Battlesnake JS makes it really easy to write Battlesnakes in Typescript or Javascript. Features include:
- Scaffolding new Battlesnakes with
create-battlesnake
- TSDoc annotations for in-editor docs and intellisense
- A concise, type safe API for implementing snakes, without worrying about HTTP or infra dependencies, so that you can focus on your snake logic
- Built in tunneling using ngrok, so you don't have to think about it in development
- Check that you've got a recent version of Node.js installed
- Run
npx create-battlesnake
and answer the questions cd
into the newly created directorynpm run start
to run your snake!
The ngrok plugin is installed by default. An ngrok tunnel will be created for your snake, and the url will be printed for you to copy and paste into your snake configuration on play.battlesnake.com.

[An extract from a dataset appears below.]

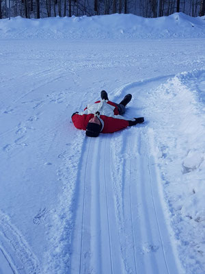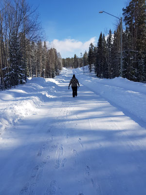 Also gingen wir zeitig ins Bett und standen wegen der Zeitumstellung auch ziemlich früh auf. Das Frühstück war vollkommen in Ordnung – und langsam kam die Sonne raus. Nachdem wir noch einmal recherchierten, was wir hier machen könnten und immer nur auf Aktivitäten im Großraum von Västerbotten gestoßen sind, entschieden wir uns, einfach ein wenig zu wandern. Skiklamotten an und los ging es.

Now you can focus on writing code to handle how your snake moves in the
onMove
handler! Happy hacking!
import { BattleSnake } from "battlesnake";
const mySnake = BattleSnake("super-perfect-snake", {
apiversion: "1",
author: "",
color: "#888888",
head: "default",
tail: "default",
version: "0.0.1",
});
mySnake.onStartGame((gameData) => {
console.log(gameData);
console.log("START");
});
mySnake.onMove((gameData) => {
console.log(gameData);
var possibleMoves = ["up", "down", "left", "right"] as const;
var move = possibleMoves[Math.floor(Math.random() * possibleMoves.length)];
console.log("MOVE: " + move);
return {
move,
};
});
mySnake.onEndGame((gameData) => {
console.log(gameData);
console.log("END");
});
mySnake.start();
Using the ngrok plugin, you can run ngrok inside your snake process, and not have to worry about keeping a separate terminal window open. The ngrok plugin will also automatically not run in production or test NODE_ENVs (unless you tell it to), so you don't need to worry about writing that logic.
import { BattleSnake } from "battlesnake";
import { battlesnakeNgrok } from "battlesnake-plugin-ngrok";
const mySnake = BattleSnake(
"your-snake",
{
apiversion: "1",
author: "",
color: "#000000",
head: "default",
tail: "default",
version: "0.0.1",
},
{
plugins: [battlesnakeNgrok()],
}
);
// ... your snake implementation
Although I recommend using the project generator, and the BattleSnake server wrapper, and the ngrok plugin to get the best developer experience out of this package, you can use the types directly if you want.
import { GameState } from "battlesnake";
// Parser takes a string or an object, and throws if it encounters an invalid
// game state.
const newGameState = GameState.parse(request.body);
// Now newGameState is a fully typed GameState object representing the payload
// of the move request from the battlesnake server, complete with documentation
// comments for hover-over intellisense.